# Advice on building in Marina and the Palm



## colly (Dec 15, 2009)

Moving in a few weeks and trying to find a nice apartment in either Marina or probably the Palm. We want somewhere with a spectacular view - so either a full Marina view, or a view of the sea on the Palm. Right now we really like the idea of being right beside the beach. I've seen some stunning places in Oceana which is my current favourite. In Marina I like Cayan Tower and Damac Heights also. Budget 160 max.

Firstly looking for advice on Marina Vs the Palm. I'll be working in Internet City. I hear traffic in Marina is terrible but there is a lot nearby within walking distance.

Looking for recommendations for buildings to look at, I want something modern with a high quality finish - and a good size, at least 1500sqft.

Has anyone here been through similar recently and do you have any advice for me please?


----------



## shaunfella (Jul 1, 2013)

First thought is Shoreline buildings 1 to 10, beach side apartments. Looking onto the beach with view of Burj al Arab.

Marina residences also have nice views over the sea where the boats are moored.

Sent from my SM-G950F using Tapatalk


----------



## colly (Dec 15, 2009)

Thanks, only problem with Shoreline is they are pretty old and the kitchens are horrible! Old brown wood, I hate it, I want something more modern.

Marina residences I have heard good things so I'll take a look. They are expensive however.

Any others?


----------



## shaunfella (Jul 1, 2013)

colly said:


> Thanks, only problem with Shoreline is they are pretty old and the kitchens are horrible! Old brown wood, I hate it, I want something more modern.
> 
> Marina residences I have heard good things so I'll take a look. They are expensive however.
> 
> Any others?


Im in Shoreline now and yes, they are horrible however you can have the kitchen 'wrapped' to your taste. Facilities around Shoreline are decent, Golden Mile, Itihad Park etc.

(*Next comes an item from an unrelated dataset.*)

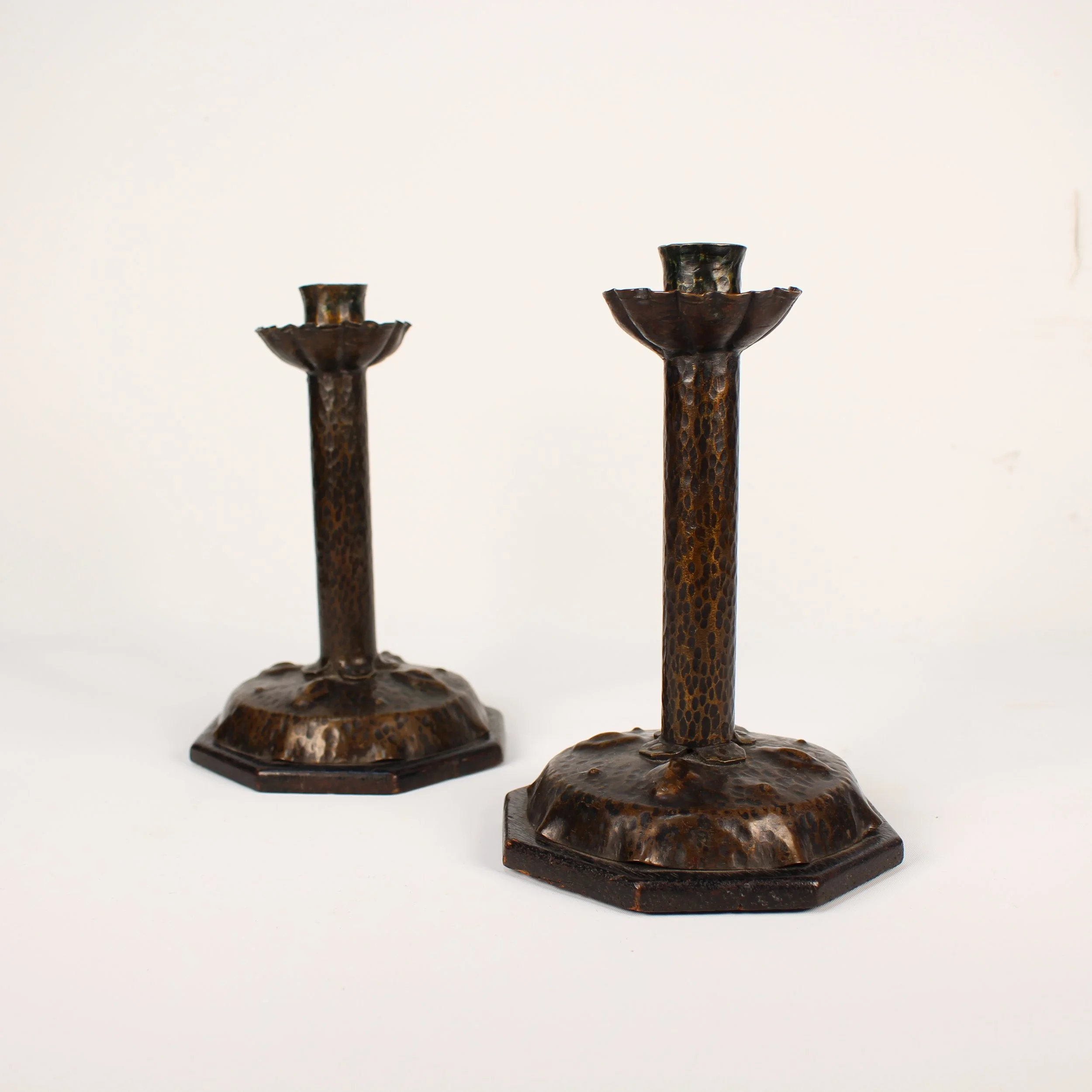 Wonderful pair of arts and crafts hammered copper candlesticks with octagonal oak bases. Excellent original patina. Skillful hammering with great repousse details and riveted construction. The candlesticks are weighted and feel quite substantial. The oak bases are reminiscent of Joseph Heinrichs’ work, and add a lot to the overall design. Unmarked. Circa 1910’s. 7”h x 5”d. $550.
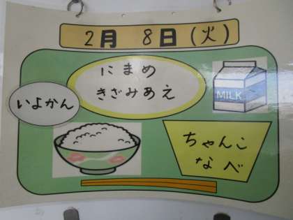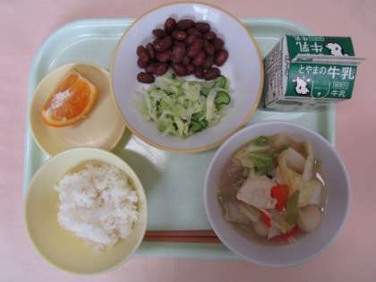 今日の献立は、ごはん、牛乳、煮豆、きざみ和え、ちゃんこ鍋、いよかんでした。

I also lived in Marina Res. Great big apartments however had many issues with the master bedroom ensuite leaking into the bedroom and causing the wooden flooring to warp. An issue I know is common. 

That's the extents of my Palm experience In afraid!

Sent from my SM-G950F using Tapatalk


----------



## QOFE (Apr 28, 2013)

In case you haven't seen it yet, this website has floor plans for a lot of properties: https://developments.bayut.com/

Cayan apparently has non-conventional layouts. Some might have a larger bedroom than living room which is a in my opinion the wrong way around.
Some Shorelines apartments can be quite dated, it depends much on the landlord and the building maintenance. 

Not sure about Oceana.... (https://www.thenational.ae/uae/envi...h-building-like-it-was-made-of-paper-1.224687)

I wouldn't personally go for the Palm if you're after a 2 bedroom apartment. A 2bed comes with one parking space only. In the Marina you can get away with no car or just one car. 

Have you checked out the "original six" in Marina (Dubai Marina Towers...)? Marina Arcade has new (it's about two years since it was completed) and fresh looking apartments. I really liked the look of them.


----------



## twowheelsgood (Feb 21, 2013)

shaunfella said:


> Great big apartments however had many issues with the master bedroom ensuite leaking into the bedroom and causing the wooden flooring to warp. An issue I know is common.


Spot on - and having a crook for a landlord blaming the tenant for it is all too common. There are lots of landlords who bought early and are still unwiling to behave sensibly. Its a pity as I lived in there for a few years and enjoyed everything about it until th Nakheel Mall construction started, so wouldn't go back.The actual source was the shower drain which was too small and the water backed up behind the wall and the pipe joints gave way.

The issue with the Shoreline is as you've said - plus the electrics are poor, the sound insulation is non-existent and there was a huge dispute with beach access which I don't know if its resolved but tenants were locked out for a very long time due to a dispute between Nakheel and the landlords. 

We enjoyed our time there but wouldnt go back until the construction finishes and the apartment would need to have the kitchen stripped out and the wooden floor removed.


----------



## XDoodlebugger (Jan 24, 2012)

colly said:


> ......
> 
> Looking for recommendations for buildings to look at, I want something modern with a high quality finish - and a good size, at least 1500sqft.
> 
> Has anyone here been through similar recently and do you have any advice for me please?


I live in the Marina Arcade and the finishing is great, the view is good as well with a view of the Palm and Downtown (when there isn't haze). The view was a lot better at the Torch Tower but #1 the fire made me move #2 they built the Marina Gate right in from of my spectacular view. I would go look at those as well if I was you. 

The Cayan does have a bit of a strange layout and we didn't really like it although the views were good and finishing fine. I was looking at the Damac Heights building as I like the large balconies but have never been in it. 

Don't worry about the traffic if you live on the north side of the Marina and work in Internet City, it's easy to navigate.


----------



## Reflexx (Jan 31, 2016)

I can recommend Marina promenade, Aurora, Beauport, Paloma towers, the view used to be amazing before but now they are building a new tower opposite side in place of yacht club. It's the only negative point.
Also you can consider these buildings :
- Iris blue
- Emaar 6
- JAM Marina Residence


----------